Thanks @lorentzenchr. I'll incorporate your suggestion when I resolve merge conflicts.

Aside from that, does the interface make sense to you? There were some suggestions from @tupui above that I'd like your opinions about.

not allowing **kwargs in plot (ENH: stats.ecdf: add evaluate and plot methods; restructure result #18212 (comment))
passing quantiles into confidence_interval (ENH: stats.ecdf: add evaluate and plot methods; restructure result #18212 (comment))
sf vs ccdf (ENH: stats.ecdf: add evaluate and plot methods; restructure result #18212 (comment))

My thoughts on 1 and 2 are shown above, Regarding 3 I would prefer to leave sf for now since this is what users are currently familiar with.

Note that this interface was proposed after careful study of other existing interfaces (which you might want to skim) to organize a lot of information concisely while keeping our options open for future expansion (e.g. PPF-like method, RVS-like method).

Thanks for your help!

(@tirthasheshpatel I'd be interested in your thoughts, too.)

lorentzenchr · 2023-04-09T18:39:04Z

@mdhaber

Aside from that, does the interface make sense to you?

Overall, yes.

not allowing **kwargs in plot

I have no strong opinions here. What is the scipy standard approach? We could also wait for the users' feedback on this and start without it.

passing quantiles into confidence_interval

I personally would prefer to have confidence_interval similar to evaluate, perhaps with a default input of None meaning ecdf.quantiles.

sf vs ccdf

Actuaries also call it sf. I would stick with the scipy default for now. A new distribution API may change this - in the future. (Where can I find more info about that?)

mdhaber · 2023-04-09T19:11:06Z

I personally would prefer to have confidence_interval similar to evaluate, perhaps with a default input of None meaning ecdf.quantiles.

How would that affect typical use cases, like plotting?

Currently, plotting looks like:

data = rng.normal(size=100)
res = stats.ecdf(data)
low, high = res.sf.confidence_interval()
ax = plt.gca()
res.sf.plot(ax, color='C0')
low.plot(ax, color='C1')
high.plot(ax, color='C1')

With that change alone, it would become like:

data = rng.normal(size=100)
res = stats.ecdf(data)
q_min, qmax = res.sf.quantiles[0] - 1, res.sf.quantiles[-1] + 1
q = [[q_min] + list(res.sf.quantiles) + [qmax]]
low, high = res.sf.confidence_interval(quantiles=q)
ax = plt.gca()
res.sf.plot(ax, color='C0')  # only the point estimate has a plot method
plt.step()
plt.step(q, [[1] + list(low) + [low[-1]]], color='C1', where='post')
plt.step(q, [[1] + list(high) + [high[-1]]], color='C1', where='post')

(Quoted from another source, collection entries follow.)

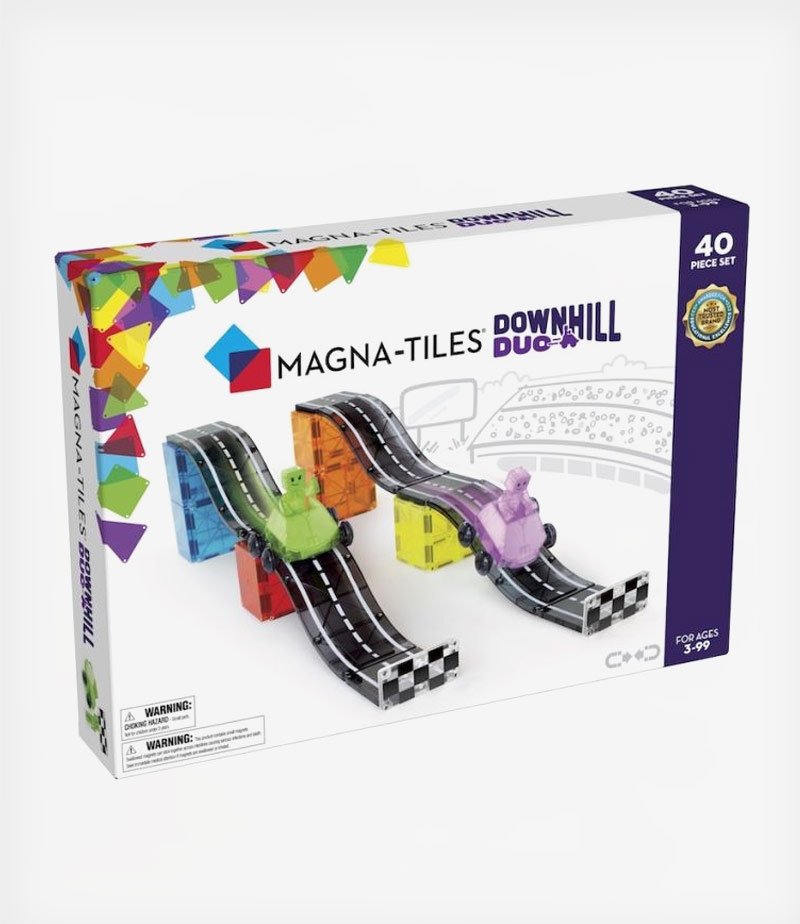 Με το νέο σετ MAGNA-TILES® Downhill Duo 40-Piece, τα παιδιά βρίσκονται στη θέση του οδηγού! Τα μικρά παιδιά μπορούν να μετατρέψουν την κατασκευή τους MAGNA-TILES® σε μια συναρπαστική περιπέτεια κατάβασης. Ψάχνετε για έναν νέο τρόπο να εμπνεύσετε τη φαντασία τους, να αναπτύξετε τις κινητικές τους δεξιότητες και να υποστηρίξετε τη μάθησή τους στο STEAM; Κουμπώστε και φανταστείτε τις δυνατότητες με νέες Ράμπες, Δρόμους, Δοχεία και Φιγούρες!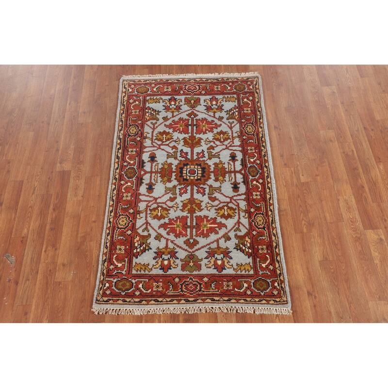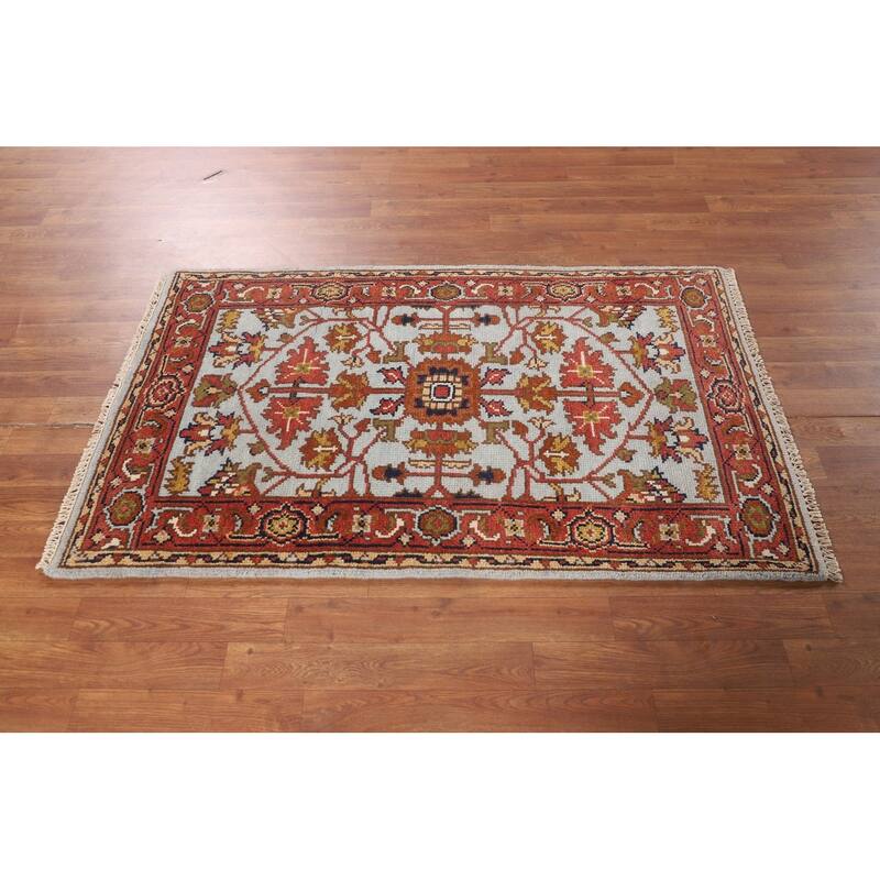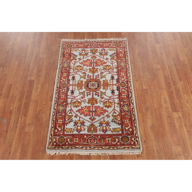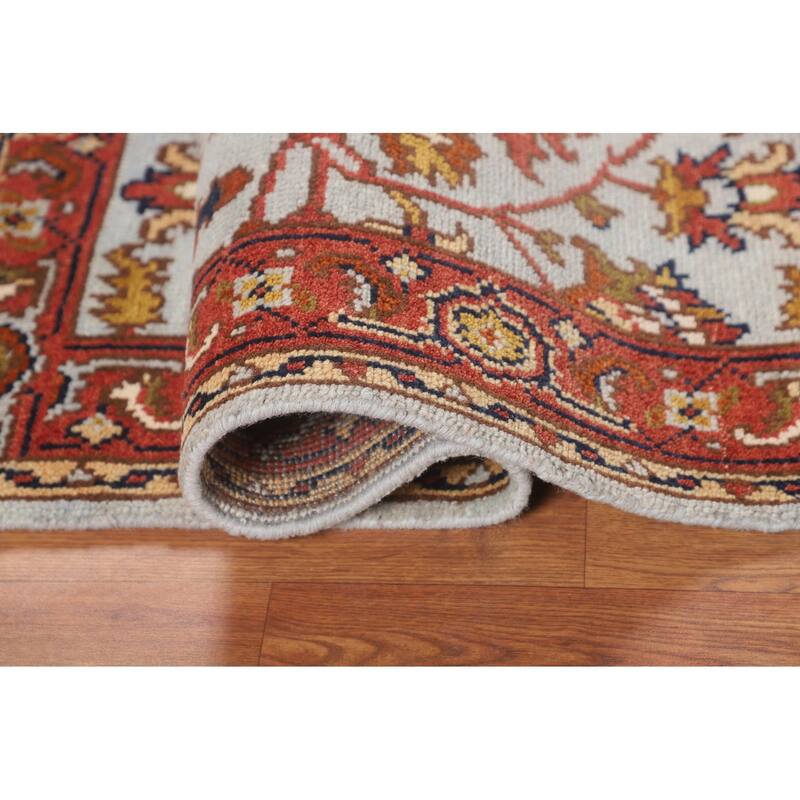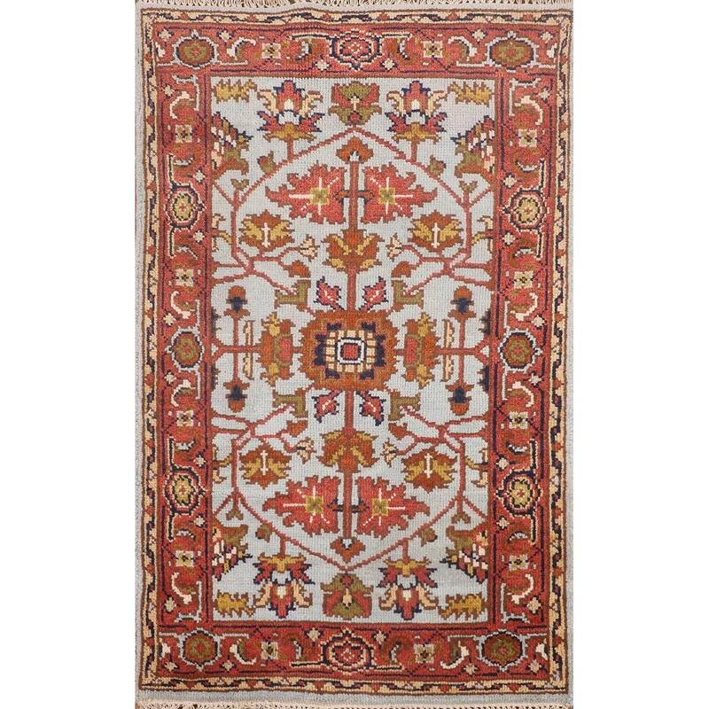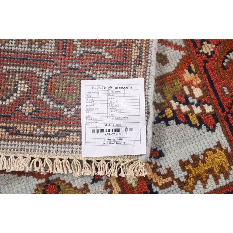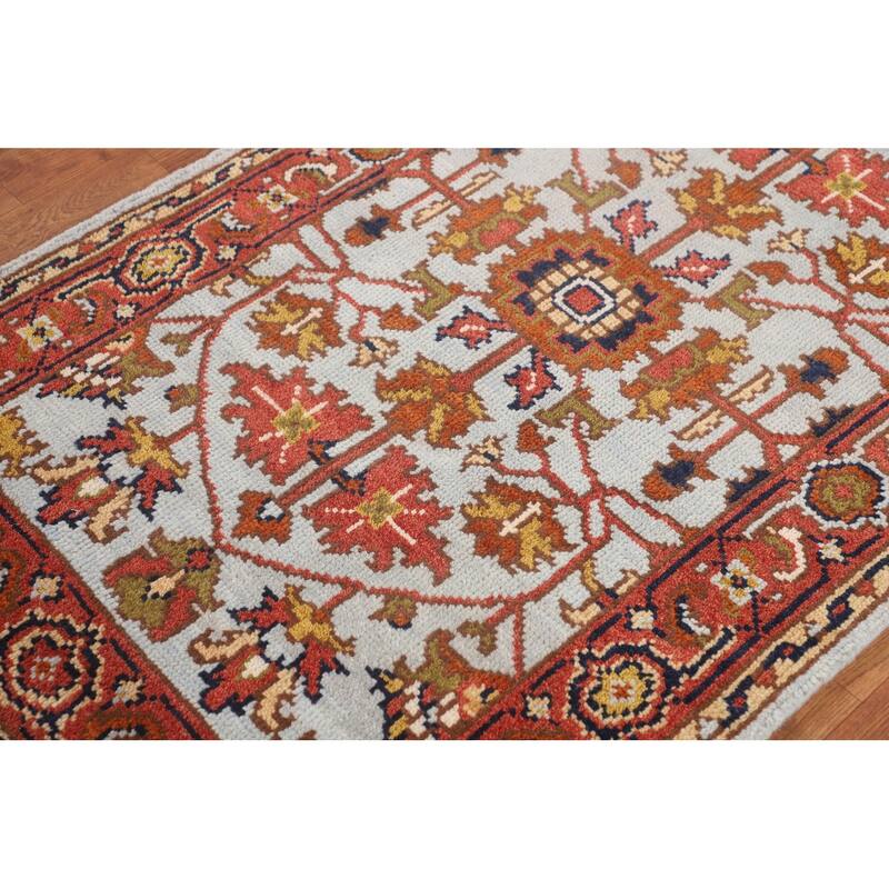 Light Blue Heriz Serapi Oriental Foyer Rug Hand-Knotted Wool Carpet - 2'11"x 4'11"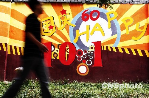 9月26日,北京街頭的“國慶文化墻”涂鴉吸引不少路人的目光。國慶節漸近,北京的大街小巷國慶氣氛日益濃厚。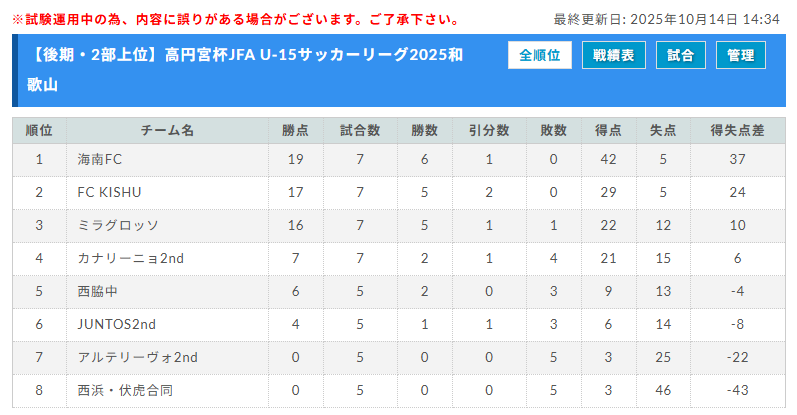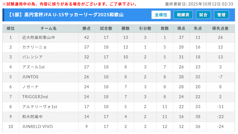 11:10 JUNTOS 3-0 和大附属中リーグ戦表より情報提供ありがとうございます!
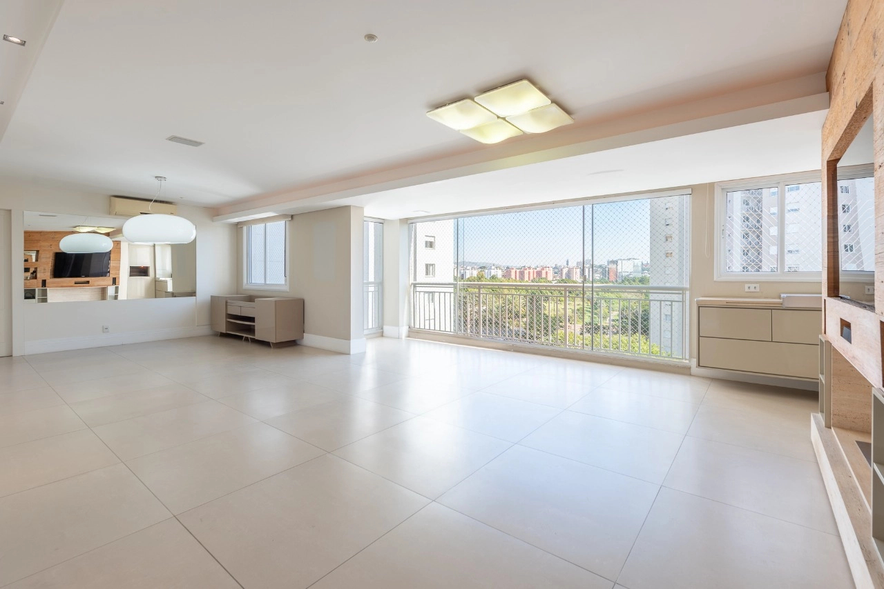 Apartamento com 3 dormitórios suítes, living para 3 ambientes com lareira, sacada integrada com churrasqueira, cozinha mobiliada, área de serviço separada com entrada independente. Semimobiliado, excelente iluminação com sistema automatizado e ventilação natural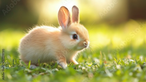 Tiny baby rabbit hopping in a lush green yard, pausing to bite the grass, capturing the adorable moments of this popular pet in action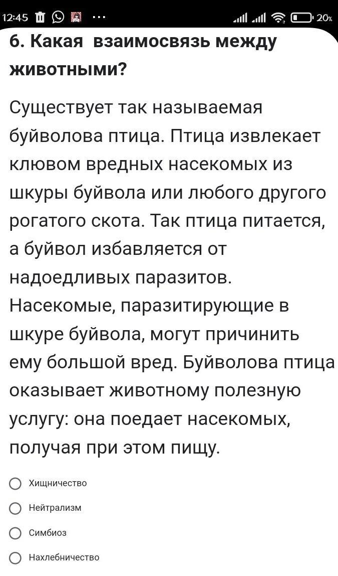 Существует так называемая буйволова птица. Птица извлекает клювом вредных насекомых из шкуры буйвола или любого другого рогатого скота. Так птица питается, а буйвол избавляется от надоедливых паразитов. Насекомые, паразитирующие в шкуре буйвола, могут причинить ему большой вред. Буйволова птица оказывает животному полезную услугу: она поедает насекомых, получая при этом пищу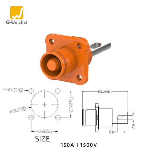 惟兴光孔式橙色E150正极IP67防水150A不可旋转储能连接器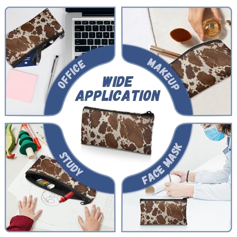 Suhoaziia Brown Cow Print Pencil Case Large Capacity Pencil Pouch Aesthetic for Girls Boys Women Men Pen Bag Office Stationery Organizer Simple Pencil Bag Pencil Organizer Case for Adult Kids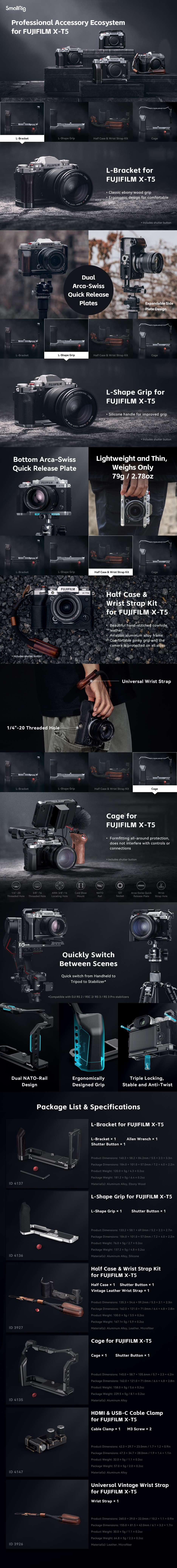 Grip SmallRig v tvare písmena L pre fotoaparát FUJIFILM X-T5 4136 je navrhnutý tak, aby zlepšil vaše držanie fotoaparátu. Vďaka rovnakej textúre a farbe sa dokonale hodí k fotoaparátu FUJIFILM F2. Grip ľahko uzamkne fotoaparát pomocou obyčajnej skrutky s D-krúžkom 1/4"-20 v spodnej časti, kde sú zahrnuté aj viaceré úchyty na príslušenstvo. Patrí medzi ne rýchloupínacia doštička Arca-Swiss pre statívy Arca-Swiss, tri otvory 1/4"-20 pre statívy alebo doštičky typu Manfrotto a otvor na popruh pre ručný popruh 3848. Grip má tenkú a kompaktnú základnú dosku, ktorá váži len 79 g. Dodáva sa aj s tlačidlom spúšte na zlepšenie dotyku.

Were there other associated changes to enable plotting confidence intervals? If added to the sf.plot method, would the user have any control over how the confidence intervals are plotted as they do now, or do they just get defaults?

I am also curious why a rich object (rather than array) is preferable for the point estimate but not for the confidence interval bounds? Once one learns how the object that represents the point estimate works, why is it uncomfortable to use the same interface to manipulate the objects that represent the confidence interval bounds?

Where can I find more info about that?

gh-15928

tupui · 2023-04-10T12:30:07Z

With my suggestion of having the CI function accept quantiles, you could call this bit in the general plot function res.sf.plot.

mdhaber · 2023-04-10T14:25:36Z

What is the interface of the new plot method?

lorentzenchr · 2023-04-10T14:32:51Z

@mdhaber I did not consider this complication. Not very user friendly, indeed.

IIUC, @tupui suggests in #18212 (comment) to have just one single plot function ecdf.(cdf/sf).plot(ci_level=None). As a user, I think I would prefer that.

If I plot several things in one figure, I often prefer to visualize uncertainty by transparent bands in the same color, e.g. fill_between(alpha=..).

mdhaber · 2023-04-10T14:37:48Z

Ok, we need a little more to make the suggestion concrete, though. Right now, all the options of each line can be controlled separately. Can this be done with the new method, and if so, what is the interface? (It can no longer just pass kwargs straight to Matplotlib.) If not, what can be controlled, and how?
(Since I don't have a vision for this other API, I don't think I should try to answer these questions myself.)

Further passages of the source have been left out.